-
Notifications
You must be signed in to change notification settings - Fork 85
Description
Bug Description
Jinja2 {{ }} references in LLM column prompts fail when the referenced column is created by a PRE_BATCH processor. The compiler validates templates against the raw seed schema, which doesn't include columns added at runtime by processors.
Steps to Reproduce
- Create a workflow with a seed dataset that has columns
[a, b] - Add a PRE_BATCH processor that creates a new column
c - Define a downstream LLM column whose prompt references
{{ c }} - Run the workflow
Expected Behavior
The compiler should recognize that column c will exist after the PRE_BATCH processor runs, and allow {{ c }} in downstream prompts.
Actual Behavior
The compiler rejects the template because c doesn't exist in the raw seed data. The validation happens at compile time against the raw schema, before any processors run.
Root Cause
The compiler discovers seed columns from the raw seed reader and validates Jinja2 templates against that raw schema. PRE_BATCH processors can add columns at runtime, but the compiler has no way to know about them.

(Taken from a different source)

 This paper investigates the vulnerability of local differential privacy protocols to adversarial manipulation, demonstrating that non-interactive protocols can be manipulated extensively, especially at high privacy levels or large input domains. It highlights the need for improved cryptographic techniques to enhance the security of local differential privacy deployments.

DropColumnsProcessor already implicitly declares removed columns via its config - the builder uses it to mark columns with drop=True at build time. But there's no equivalent mechanism for declaring added columns.
Proposed Fix
PRE_BATCH processors should declare which columns they add/remove so the compiler can compute the post-processor column set:
class ProcessorConfig(ConfigBase):
processor_type: str
columns_added: list[str] = []
columns_removed: list[str] = []The compiler would adjust the column set after seed column discovery: remove declared drops, add SeedDatasetColumnConfig entries for declared additions. Template validation and DAG resolution would then see the final schema.
This only applies to PRE_BATCH processors - POST_BATCH and AFTER_GENERATION processors don't need this since no downstream generators depend on their output schema.